Segment Start: STUDY MATERIAL
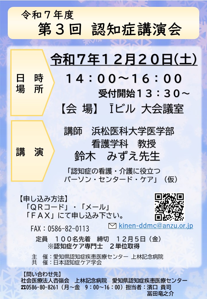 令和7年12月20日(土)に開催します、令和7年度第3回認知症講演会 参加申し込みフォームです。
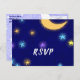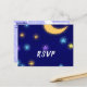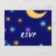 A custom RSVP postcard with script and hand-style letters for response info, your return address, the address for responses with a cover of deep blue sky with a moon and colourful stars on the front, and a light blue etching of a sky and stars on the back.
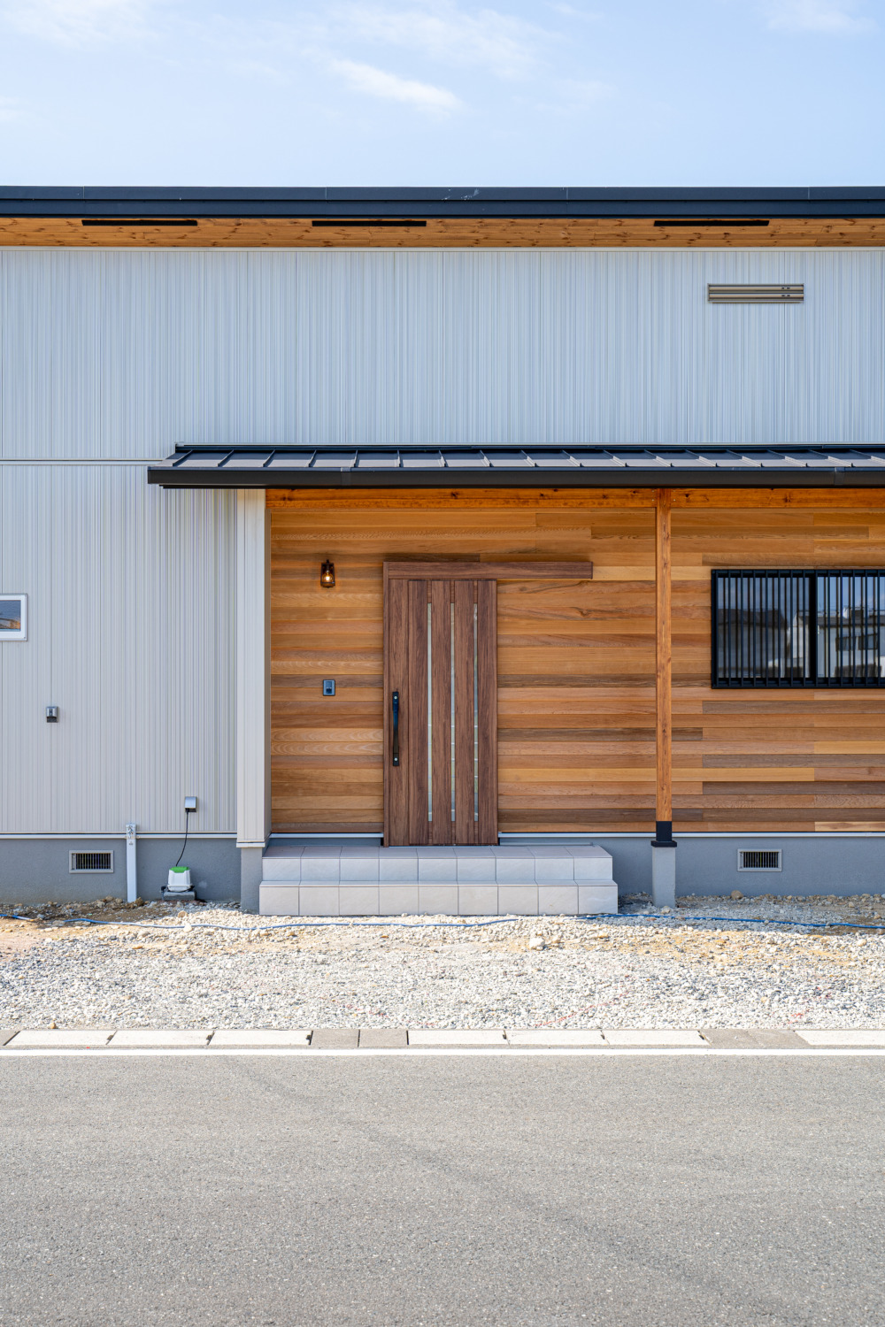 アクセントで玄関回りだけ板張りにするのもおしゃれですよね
Segment End: STUDY MATERIAL
Segment Start: STUDY MATERIAL
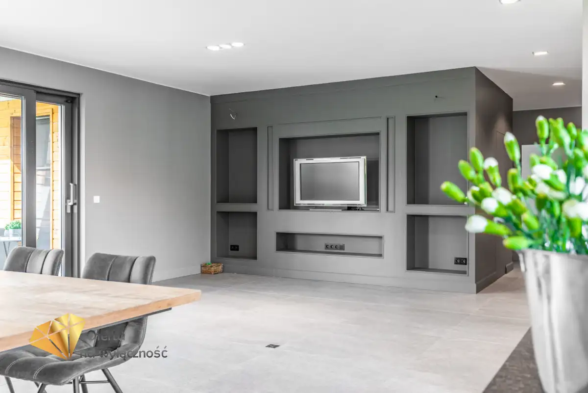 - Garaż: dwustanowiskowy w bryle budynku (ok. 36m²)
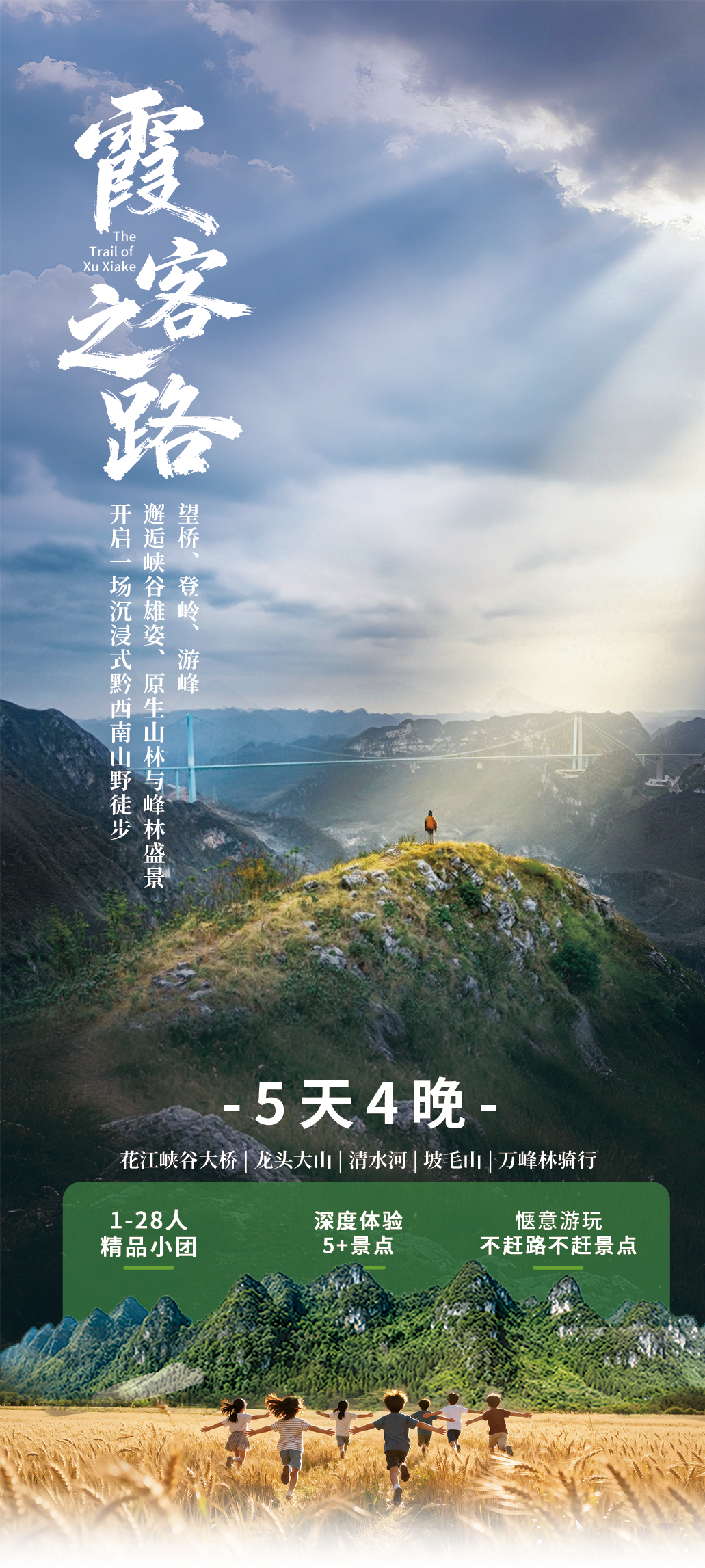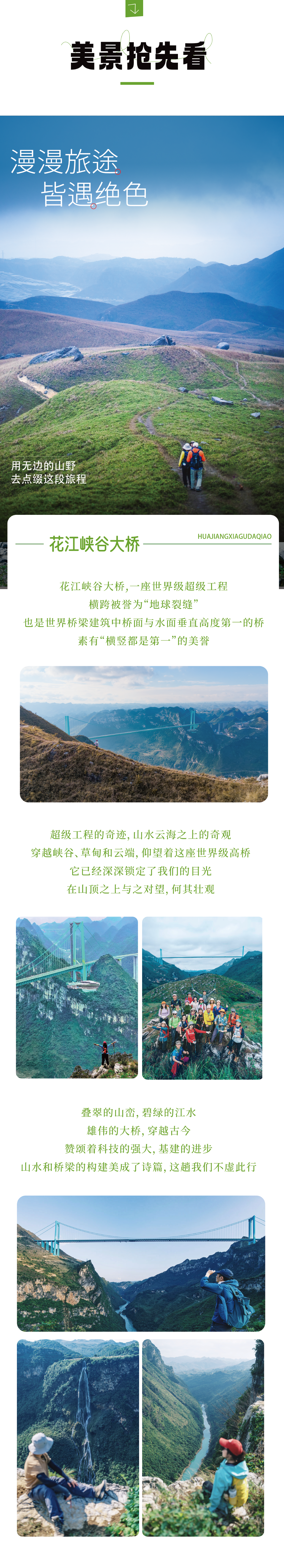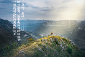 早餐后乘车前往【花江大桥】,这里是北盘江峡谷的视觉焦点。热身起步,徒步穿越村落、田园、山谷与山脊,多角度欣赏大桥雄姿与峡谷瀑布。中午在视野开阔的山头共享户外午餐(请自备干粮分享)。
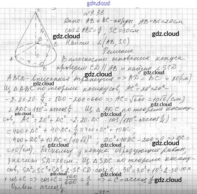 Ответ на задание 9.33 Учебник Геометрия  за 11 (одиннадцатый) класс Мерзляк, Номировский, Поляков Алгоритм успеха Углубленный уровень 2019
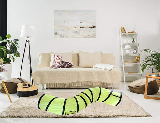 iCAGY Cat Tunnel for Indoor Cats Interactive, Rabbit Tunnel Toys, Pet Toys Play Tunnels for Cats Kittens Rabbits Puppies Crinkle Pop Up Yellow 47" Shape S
Segment End: STUDY MATERIAL
§ YOUR GOAL
In the records above, find the line with "早餐后乘车前往【花江大桥】,这里是北盘江" and the line with "Ответ на задание", then restate word for word only those two lines and all lines between, omitting pictures.

§ YOUR RESPONSE
 早餐后乘车前往【花江大桥】,这里是北盘江峡谷的视觉焦点。热身起步,徒步穿越村落、田园、山谷与山脊,多角度欣赏大桥雄姿与峡谷瀑布。中午在视野开阔的山头共享户外午餐(请自备干粮分享)。
 Ответ на задание 9.33 Учебник Геометрия  за 11 (одиннадцатый) класс Мерзляк, Номировский, Поляков Алгоритм успеха Углубленный уровень 2019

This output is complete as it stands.